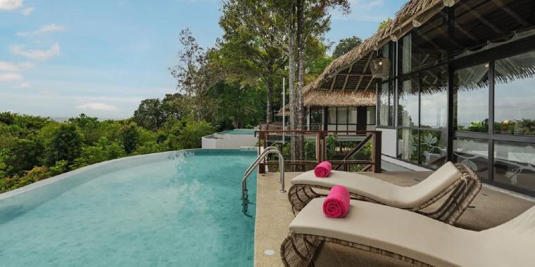 • One Bedroom Beachfront Pool Villa (150 m²) – maks. 3 dorosłych, łóżko typu king-size, prywatny basen, wanna i prysznic wewnętrzny oraz zewnętrzny, bezpośredni dostęp do plaży.
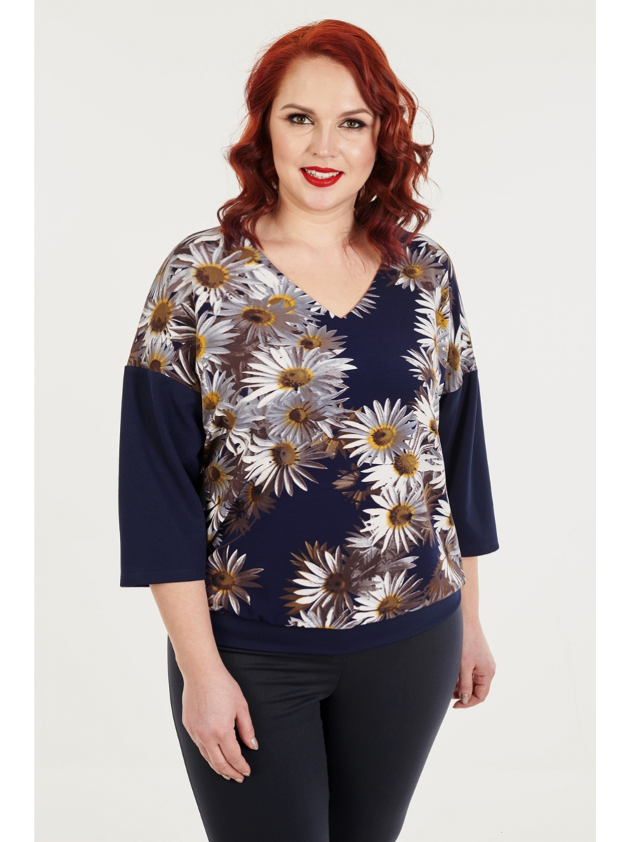 Яркий джемпер полуприлегающего силуэта из трикотажного полотна синего цвета с цветочным принтом. V-образный вырез изделия обработан внутренней обтачкой. Джемпер со спущенной проймой и втачными рукавами. По низу изделия выполнен манжет. Длина изделия по спинке от плечевого шва до низа изделия - 65 см. Рост фотомодели — 170 см.
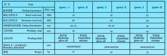 Hydraulic chain cutter designed is manufactured by GIT was deployed to cut the chain in 22-48mm.It invloved the up to date technology home and abroad and classified into two types (Type 1 and Type 11)accroding to the work fluid .The whole set is an assembly of hydraulic chain cutter,hand oil pump (oil pump station),reversing supercharger and high pressure oil hose with the work fluid either hydraulic press oil or emulsifiec mixture.
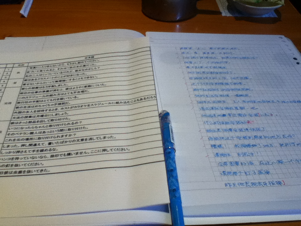 こちらはexcelで日中両方の文をだばっと打ち込んでおいたのでそれを今週の課題文だけ印刷して持ち歩いています。
--
» **Problem to work on**: Please copy out each line above exactly as written, but not the pictures.

» **Written response**:
 • One Bedroom Beachfront Pool Villa (150 m²) – maks. 3 dorosłych, łóżko typu king-size, prywatny basen, wanna i prysznic wewnętrzny oraz zewnętrzny, bezpośredni dostęp do plaży.
 Яркий джемпер полуприлегающего силуэта из трикотажного полотна синего цвета с цветочным принтом. V-образный вырез изделия обработан внутренней обтачкой. Джемпер со спущенной проймой и втачными рукавами. По низу изделия выполнен манжет. Длина изделия по спинке от плечевого шва до низа изделия - 65 см. Рост фотомодели — 170 см.
 Hydraulic chain cutter designed is manufactured by GIT was deployed to cut the chain in 22-48mm.It invloved the up to date technology home and abroad and classified into two types (Type 1 and Type 11)accroding to the work fluid .The whole set is an assembly of hydraulic chain cutter,hand oil pump (oil pump station),reversing supercharger and high pressure oil hose with the work fluid either hydraulic press oil or emulsifiec mixture.
 こちらはexcelで日中両方の文をだばっと打ち込んでおいたのでそれを今週の課題文だけ印刷して持ち歩いています。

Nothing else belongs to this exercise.